Он расставил тарелки, разложил приборы, поднял крышку тележки и начал подавать.
- Да, - заметил я. - Возможно, что надолго.
Я продегустировал шампанское и одобрительно крякнул.
- Поэтому я хочу, прежде чем уеду, сказать тебе кое-что, что ты, наверное, и так знаешь. Да, так вот, ты готовишь самые лучшие блюда из всех, что я когда-либо пробовал…
- Плахотарю вас, мистер Сандау, - его от природы красноватое лицо потемнело в два раза, и он погасил улыбку, скромно опустив глаза. - Очень пыл рат рапотать с вами.
- Поэтому, если ты не возражаешь против годового отпуска с полной оплатой плюс дополнительный фонд на испытание новых рецептов, если такие интересы возникнут, то я вызову контору Бурсара и все с ним улажу.
- Кохда уезшаете, сир?
- Завтра рано утром.
- Понимаю, сир. Плахотарю фас. Ошень приятное претложение.
- Наверное, забавно готовить блюда, которые даже не можешь попробовать?
- О нет, сир, - запротестовал он. - На пробователи можно полностью положиться. Часто тумал я, какой фкус у того, что я готовил, но это как у химика - он не фсехда шелает знать, какие на фкус его химикалии. Вы понимаете, что я хочу сказать, сир?

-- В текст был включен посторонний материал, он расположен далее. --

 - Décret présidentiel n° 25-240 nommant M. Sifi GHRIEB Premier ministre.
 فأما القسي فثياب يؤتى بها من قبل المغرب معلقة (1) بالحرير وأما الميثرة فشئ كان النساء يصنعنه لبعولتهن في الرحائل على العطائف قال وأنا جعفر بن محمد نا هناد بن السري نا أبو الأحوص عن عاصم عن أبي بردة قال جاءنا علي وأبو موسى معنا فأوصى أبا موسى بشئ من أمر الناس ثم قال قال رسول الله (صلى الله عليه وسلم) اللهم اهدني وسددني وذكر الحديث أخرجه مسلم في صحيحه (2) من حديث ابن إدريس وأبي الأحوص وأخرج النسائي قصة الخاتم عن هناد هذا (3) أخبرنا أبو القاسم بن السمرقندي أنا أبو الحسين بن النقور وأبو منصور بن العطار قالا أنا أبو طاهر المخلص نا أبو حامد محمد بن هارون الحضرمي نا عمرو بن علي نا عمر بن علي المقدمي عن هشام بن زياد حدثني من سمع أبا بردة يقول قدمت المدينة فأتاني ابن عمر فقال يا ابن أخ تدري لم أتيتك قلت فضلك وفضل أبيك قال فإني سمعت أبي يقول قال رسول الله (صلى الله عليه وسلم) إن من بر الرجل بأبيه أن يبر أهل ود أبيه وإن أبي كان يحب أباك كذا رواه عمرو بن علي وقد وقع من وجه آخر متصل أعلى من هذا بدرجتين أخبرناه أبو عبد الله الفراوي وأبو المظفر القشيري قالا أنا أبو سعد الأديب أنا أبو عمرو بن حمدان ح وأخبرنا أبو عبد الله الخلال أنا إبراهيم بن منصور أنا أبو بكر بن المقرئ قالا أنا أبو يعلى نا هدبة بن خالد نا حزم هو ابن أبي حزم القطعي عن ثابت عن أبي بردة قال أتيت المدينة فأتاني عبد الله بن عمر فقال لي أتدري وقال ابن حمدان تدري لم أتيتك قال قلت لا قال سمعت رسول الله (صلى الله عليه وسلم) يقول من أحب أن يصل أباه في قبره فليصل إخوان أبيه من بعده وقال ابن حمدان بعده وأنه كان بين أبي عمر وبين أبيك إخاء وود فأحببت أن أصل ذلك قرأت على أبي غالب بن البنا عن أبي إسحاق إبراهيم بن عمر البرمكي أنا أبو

В одной руке он держал корзиночку с ватрушками, в другой сжимал ручку кофейника, еще одной рукой подавал блюдо с капустным салатом, а последней рукой опирался на тележку. Сам он был ригелианец, имя его звучало примерно так: Ммммирт’ы Бооон. В Галактике нет лучших поваров, чем ригелианцы, если только снабдить их соответствующими приставками-пробователями. К славе они относятся довольно спокойно. Подобные беседы мы с ним вели уже не раз, и он знает, что я просто шучу, когда пытаюсь заставить его признать, что человеческая пища наводит его на мысли об отходах - производственных и органических. Очевидно, профессиональная этика воспрещает ему подобные признания. Обычно он спокойно отражает мои выпады. Лишь иногда, если ему уж очень досаждает избыток лимонного сока, грейпфрутового или апельсинового, он признается, что готовить еду для гомо сапиенс считается низшим уровнем, до какого может опуститься ригелианец. Я стараюсь от него не отстать, потому что люблю его и то, как он готовит, а раздобыть повара ригелианца очень трудно, независимо от суммы, которую вы можете предложить.
- Мартин, если что-нибудь случится со мной в отъезде, я хочу, чтобы ты знал - о тебе я сделал специальное упоминание в завещании.
- Я… я не знаю, что сказать, сир.
- Тогда ничего не говори. Но я надеюсь вернуться.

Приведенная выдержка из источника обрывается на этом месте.